▸ **Your assignment**
Give back exactly the lines from the one that holds "Производитель светильника рекомендует" through the final line of the data; omit the pictures and add nothing.

BEGIN Raw data

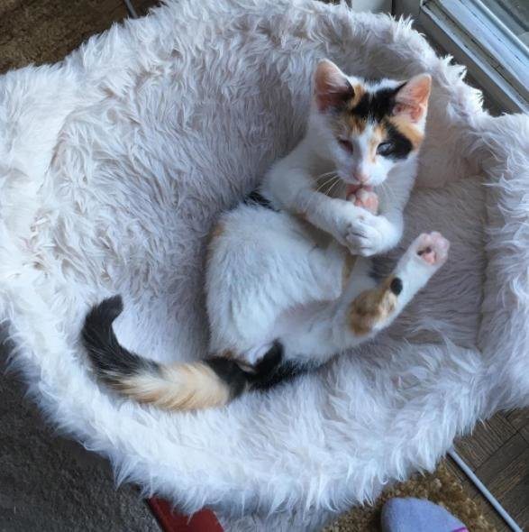 She adopted a blind cat named Sunny. She knew Sunny would fit in well with the other pets and wasn’t sure if anyone else would adopt her since she is blind. Kelly said:
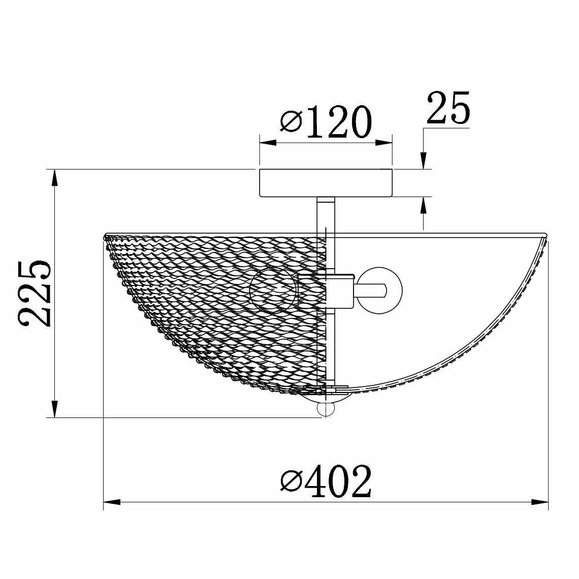 Производитель светильника рекомендует для устройства 3 лампы накаливания с цоколем E27 и мощностью 40 W, что позволит осветить помещение площадью 12 кв.м. Габариты изделия: высота – 225 мм, диаметр – 400 мм.
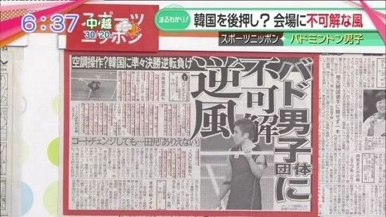 比赛场内,他们遭到了奇怪的妖风——羽毛球男团韩国VS日本的比赛中,日本选手田儿贤一在领先一局后,发现无论自己在场地的哪一端,空调的风总是突然加大风力,而且自己永远在打逆风球。
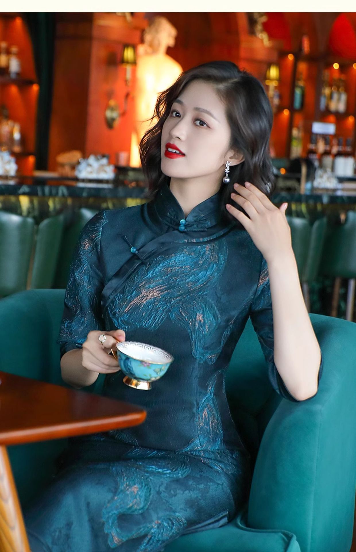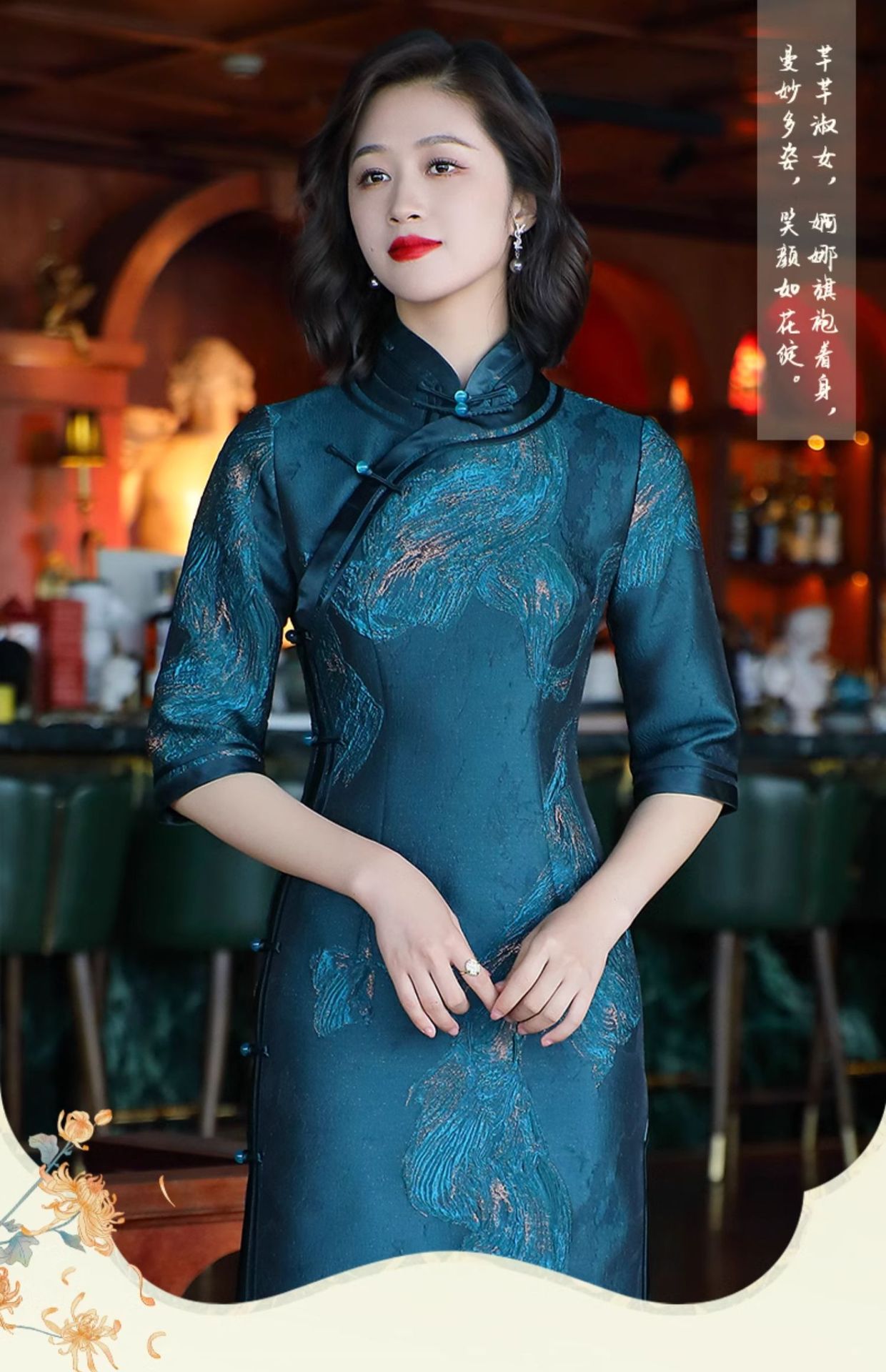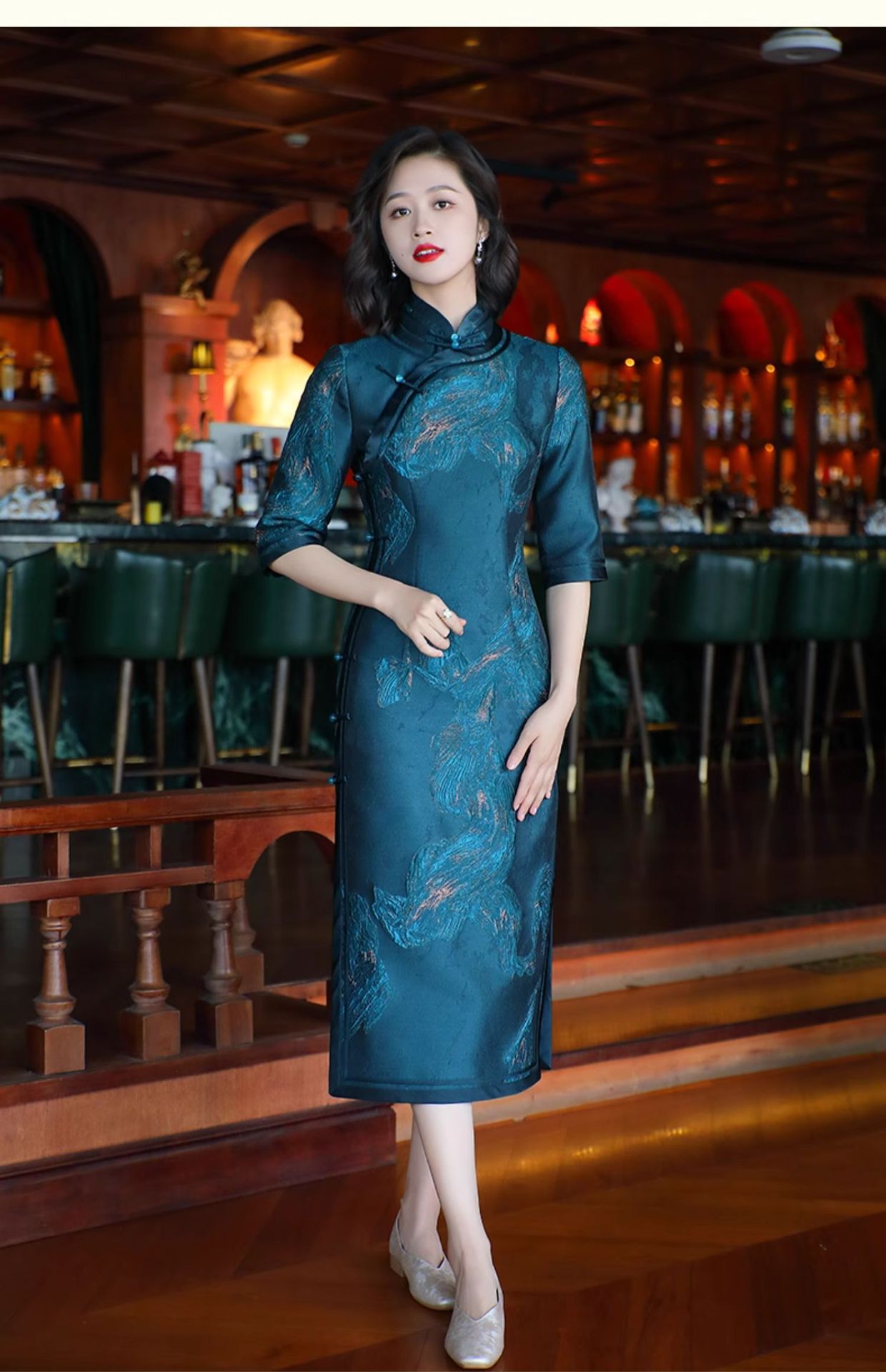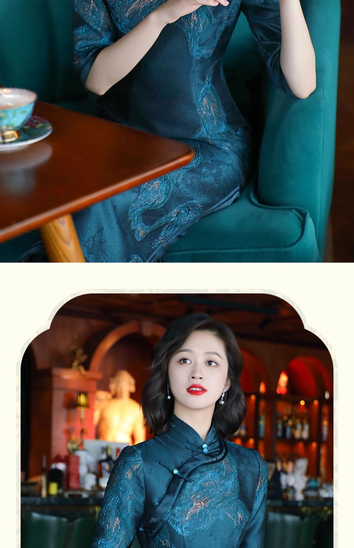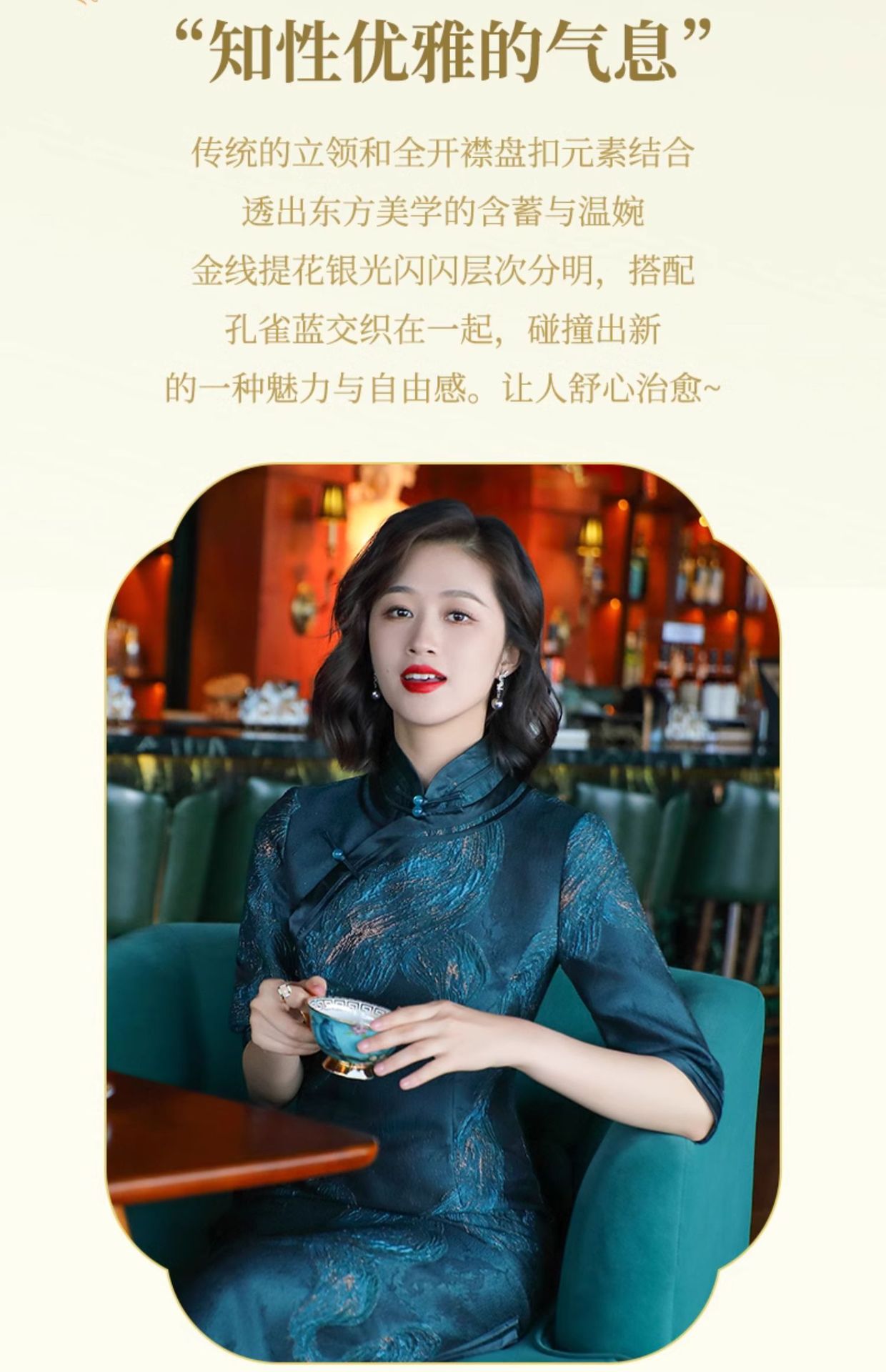 - 旗袍,属于上海的别样文化和魅力。女人的风韵,谁不曾梦见过在黄昏的小巷里,哒哒的高跟鞋声,摇摆的女子的背影,渐远渐远......

END Raw data

▸ **Completed exercise**
 Производитель светильника рекомендует для устройства 3 лампы накаливания с цоколем E27 и мощностью 40 W, что позволит осветить помещение площадью 12 кв.м. Габариты изделия: высота – 225 мм, диаметр – 400 мм.
 比赛场内,他们遭到了奇怪的妖风——羽毛球男团韩国VS日本的比赛中,日本选手田儿贤一在领先一局后,发现无论自己在场地的哪一端,空调的风总是突然加大风力,而且自己永远在打逆风球。
 - 旗袍,属于上海的别样文化和魅力。女人的风韵,谁不曾梦见过在黄昏的小巷里,哒哒的高跟鞋声,摇摆的女子的背影,渐远渐远......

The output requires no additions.